Briefing Cornell Notes

Briefing

Outliers—unusually high or low responses—can distort research results by pulling summary statistics like the mean away from what most participants actually report. A classic example is a coffee-consumption survey where nearly everyone answers between 0 and 4 cups per day, but one participant reports 17 cups. That single extreme value can inflate the sample mean and make it look like the “average” coffee drinker consumes far more than the typical respondent, even if the outlier is due to a caffeine issue or a data-entry mistake.

The session lays out practical ways to spot outliers before deciding what to do with them. One approach is to inspect descriptive statistics—especially minimum and maximum values—to see whether any observations fall far outside the expected range. Visual checks also matter: histograms, box plots, and bar graphs can reveal points that sit apart from the rest.
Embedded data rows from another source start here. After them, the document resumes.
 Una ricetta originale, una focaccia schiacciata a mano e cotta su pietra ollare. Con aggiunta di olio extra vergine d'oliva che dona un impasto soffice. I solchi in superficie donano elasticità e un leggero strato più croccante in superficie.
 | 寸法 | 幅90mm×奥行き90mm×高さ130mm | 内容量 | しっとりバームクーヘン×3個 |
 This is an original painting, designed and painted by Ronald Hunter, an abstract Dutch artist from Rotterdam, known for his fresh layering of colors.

For a more standardized method, responses can be converted into Z scores, which rescale values so they have a mean of 0 and a standard deviation of 1. In this framework, values with Z scores greater than about 3.3 (or less than -3.3) are treated as outliers, making it easier to compare across cases and variables.

Once outliers are identified, the key decision is whether they are meaningful or spurious. If an extreme response makes no sense in context—such as a value that appears to be a mistake—or is unjustifiably extreme, removing it can be appropriate. If the response is plausible and only slightly beyond the threshold, keeping it may be safer. The session also lists several handling options: ignore outliers when they don’t materially affect results; trim them by removing erroneous observations (common when they stem from measurement or entry errors); reduce their influence using transformations like taking the log of the data; or replace them using percentile-based values (for example, substituting with the 5th or 95th percentile).
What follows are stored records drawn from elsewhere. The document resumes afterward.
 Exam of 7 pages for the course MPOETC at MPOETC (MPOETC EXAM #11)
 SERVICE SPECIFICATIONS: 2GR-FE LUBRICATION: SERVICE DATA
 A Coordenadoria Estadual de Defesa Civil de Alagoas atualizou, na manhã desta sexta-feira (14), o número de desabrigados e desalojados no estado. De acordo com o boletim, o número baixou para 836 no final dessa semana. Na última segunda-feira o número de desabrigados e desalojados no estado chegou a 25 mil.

The practical R workflow is then demonstrated. Data is loaded from a CSV file using `read.csv` with headers enabled. After viewing and checking the data, `summary()` is used to find minimum and maximum values for a selected variable. If extremes appear, `which()` helps locate the exact observations that violate expected bounds (e.g., values greater than 7). To apply the Z-score rule, the session uses `scale()` to compute standardized scores and again uses `which()` to identify observations whose Z scores exceed the threshold.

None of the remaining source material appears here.